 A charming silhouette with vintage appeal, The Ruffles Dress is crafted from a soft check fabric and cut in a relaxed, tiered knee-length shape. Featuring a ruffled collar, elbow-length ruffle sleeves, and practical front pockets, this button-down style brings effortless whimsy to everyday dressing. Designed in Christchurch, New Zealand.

****

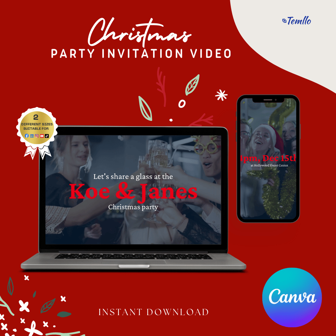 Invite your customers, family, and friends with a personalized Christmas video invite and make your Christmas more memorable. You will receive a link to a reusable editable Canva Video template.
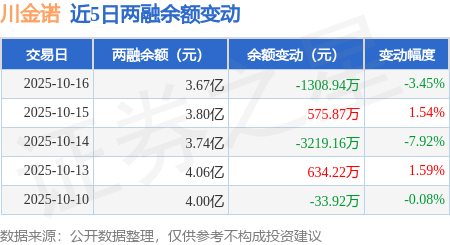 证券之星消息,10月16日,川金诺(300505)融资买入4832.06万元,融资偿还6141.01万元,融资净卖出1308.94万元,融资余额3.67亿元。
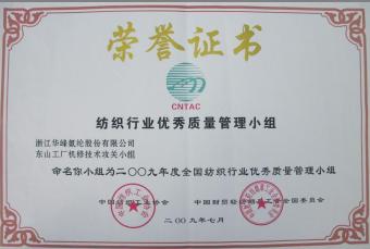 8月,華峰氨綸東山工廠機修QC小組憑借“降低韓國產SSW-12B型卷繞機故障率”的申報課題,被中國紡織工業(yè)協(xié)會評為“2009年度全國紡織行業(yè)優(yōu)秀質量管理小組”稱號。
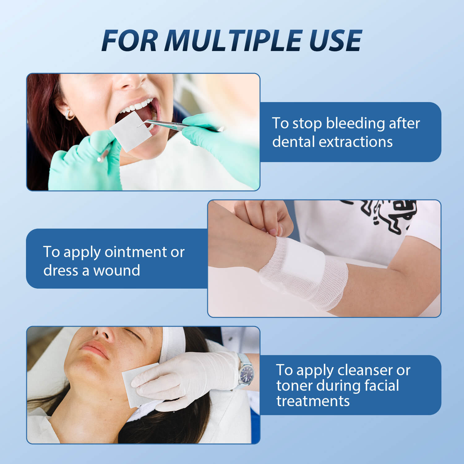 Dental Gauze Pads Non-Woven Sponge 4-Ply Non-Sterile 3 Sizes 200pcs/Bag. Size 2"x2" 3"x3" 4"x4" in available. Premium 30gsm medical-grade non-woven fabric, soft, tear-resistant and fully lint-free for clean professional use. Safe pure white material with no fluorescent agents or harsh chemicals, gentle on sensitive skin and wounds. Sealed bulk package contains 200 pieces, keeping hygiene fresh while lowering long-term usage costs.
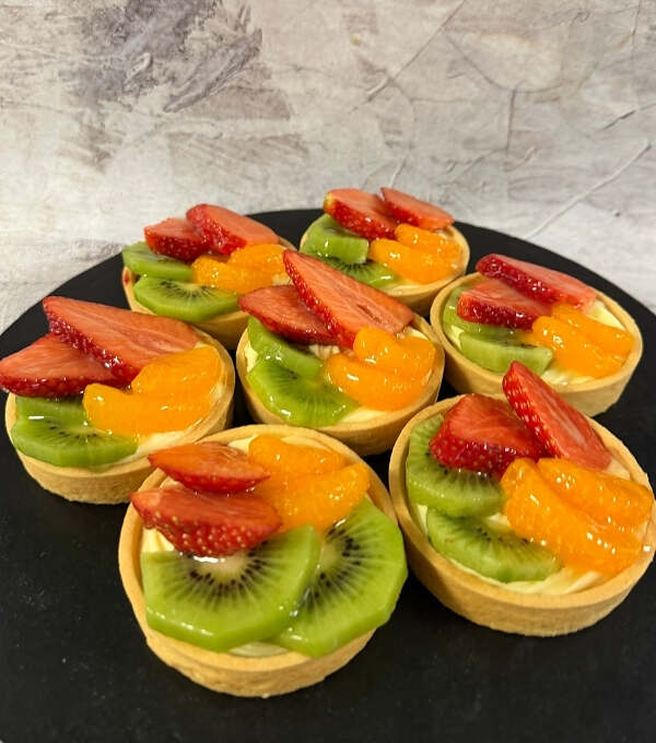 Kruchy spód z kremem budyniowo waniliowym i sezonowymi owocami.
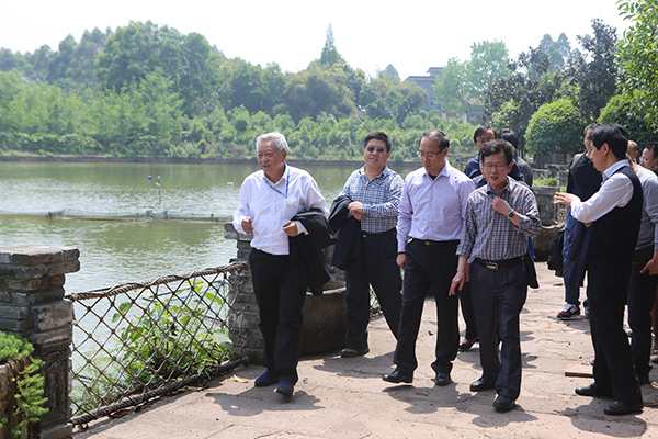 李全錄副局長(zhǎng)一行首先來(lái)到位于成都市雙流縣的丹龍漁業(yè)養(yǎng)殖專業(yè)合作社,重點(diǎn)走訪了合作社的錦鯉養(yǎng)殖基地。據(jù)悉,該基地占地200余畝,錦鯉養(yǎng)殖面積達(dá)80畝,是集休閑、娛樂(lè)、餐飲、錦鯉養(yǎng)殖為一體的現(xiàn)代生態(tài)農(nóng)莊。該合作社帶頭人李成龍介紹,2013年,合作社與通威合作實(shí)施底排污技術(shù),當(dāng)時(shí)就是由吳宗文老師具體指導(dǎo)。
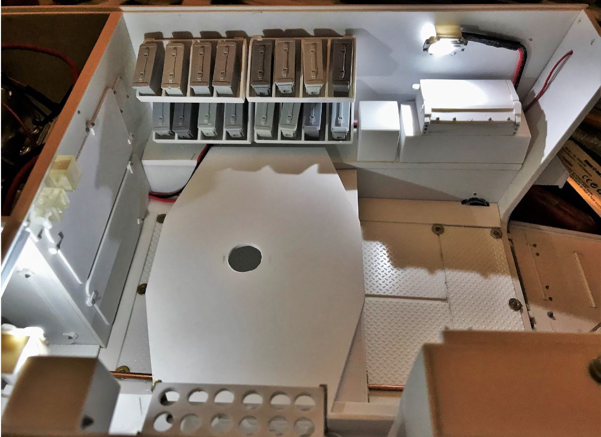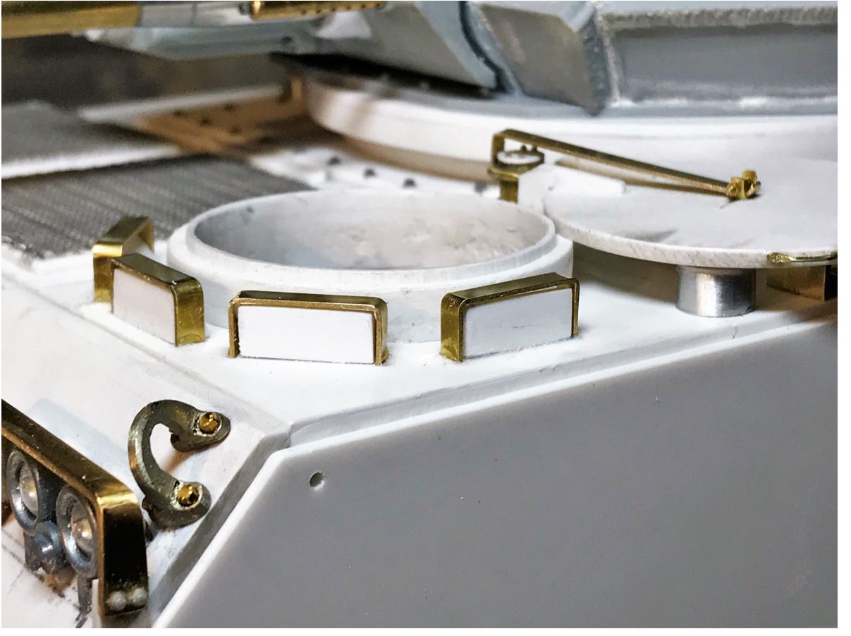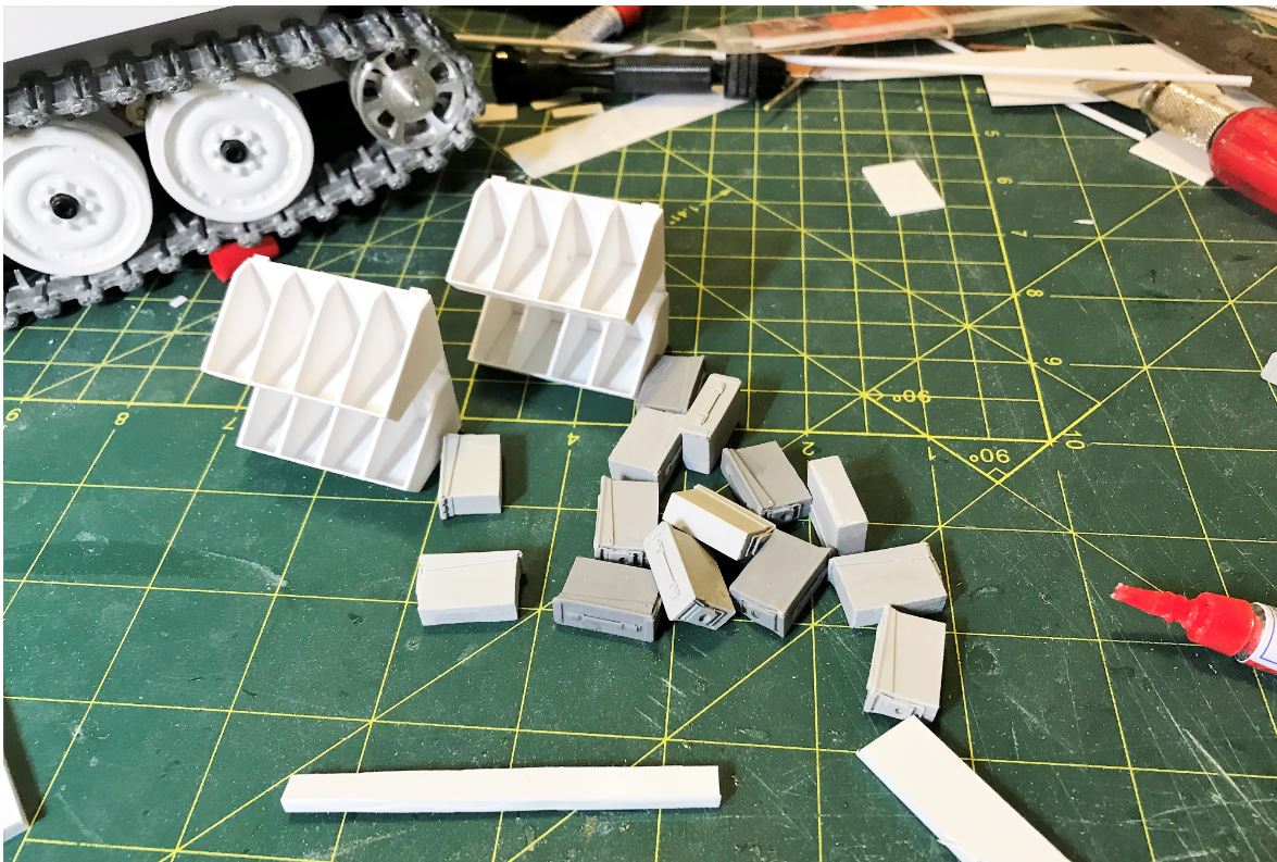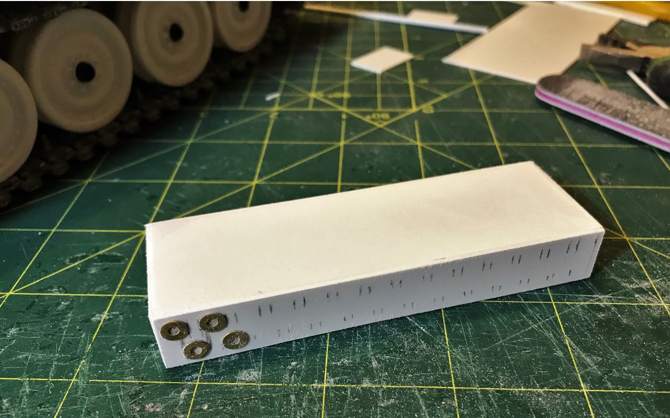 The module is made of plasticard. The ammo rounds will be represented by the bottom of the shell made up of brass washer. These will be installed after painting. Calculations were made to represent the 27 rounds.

****

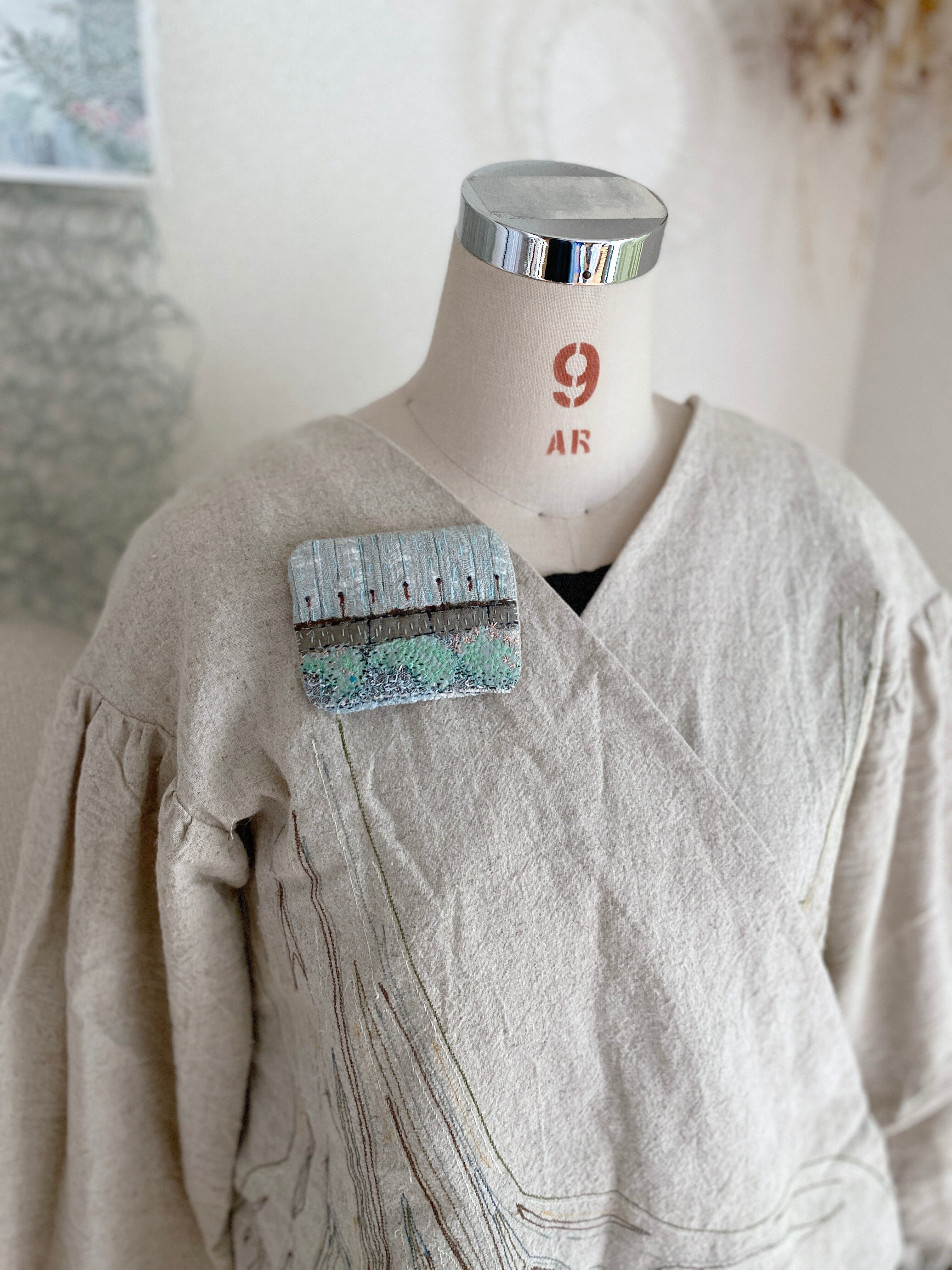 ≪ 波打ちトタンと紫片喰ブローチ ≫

****

# Work required
Reproduce, exactly and only, the lines of the records above starting at the line with "8月,華峰氨綸東山工廠機修Q" and ending at the line with "The module is", both included. Leave every picture out.

# Exercise result
 8月,華峰氨綸東山工廠機修QC小組憑借“降低韓國產SSW-12B型卷繞機故障率”的申報課題,被中國紡織工業(yè)協(xié)會評為“2009年度全國紡織行業(yè)優(yōu)秀質量管理小組”稱號。
 Dental Gauze Pads Non-Woven Sponge 4-Ply Non-Sterile 3 Sizes 200pcs/Bag. Size 2"x2" 3"x3" 4"x4" in available. Premium 30gsm medical-grade non-woven fabric, soft, tear-resistant and fully lint-free for clean professional use. Safe pure white material with no fluorescent agents or harsh chemicals, gentle on sensitive skin and wounds. Sealed bulk package contains 200 pieces, keeping hygiene fresh while lowering long-term usage costs.
 Kruchy spód z kremem budyniowo waniliowym i sezonowymi owocami.
 李全錄副局長(zhǎng)一行首先來(lái)到位于成都市雙流縣的丹龍漁業(yè)養(yǎng)殖專業(yè)合作社,重點(diǎn)走訪了合作社的錦鯉養(yǎng)殖基地。據(jù)悉,該基地占地200余畝,錦鯉養(yǎng)殖面積達(dá)80畝,是集休閑、娛樂(lè)、餐飲、錦鯉養(yǎng)殖為一體的現(xiàn)代生態(tài)農(nóng)莊。該合作社帶頭人李成龍介紹,2013年,合作社與通威合作實(shí)施底排污技術(shù),當(dāng)時(shí)就是由吳宗文老師具體指導(dǎo)。
 The module is made of plasticard. The ammo rounds will be represented by the bottom of the shell made up of brass washer. These will be installed after painting. Calculations were made to represent the 27 rounds.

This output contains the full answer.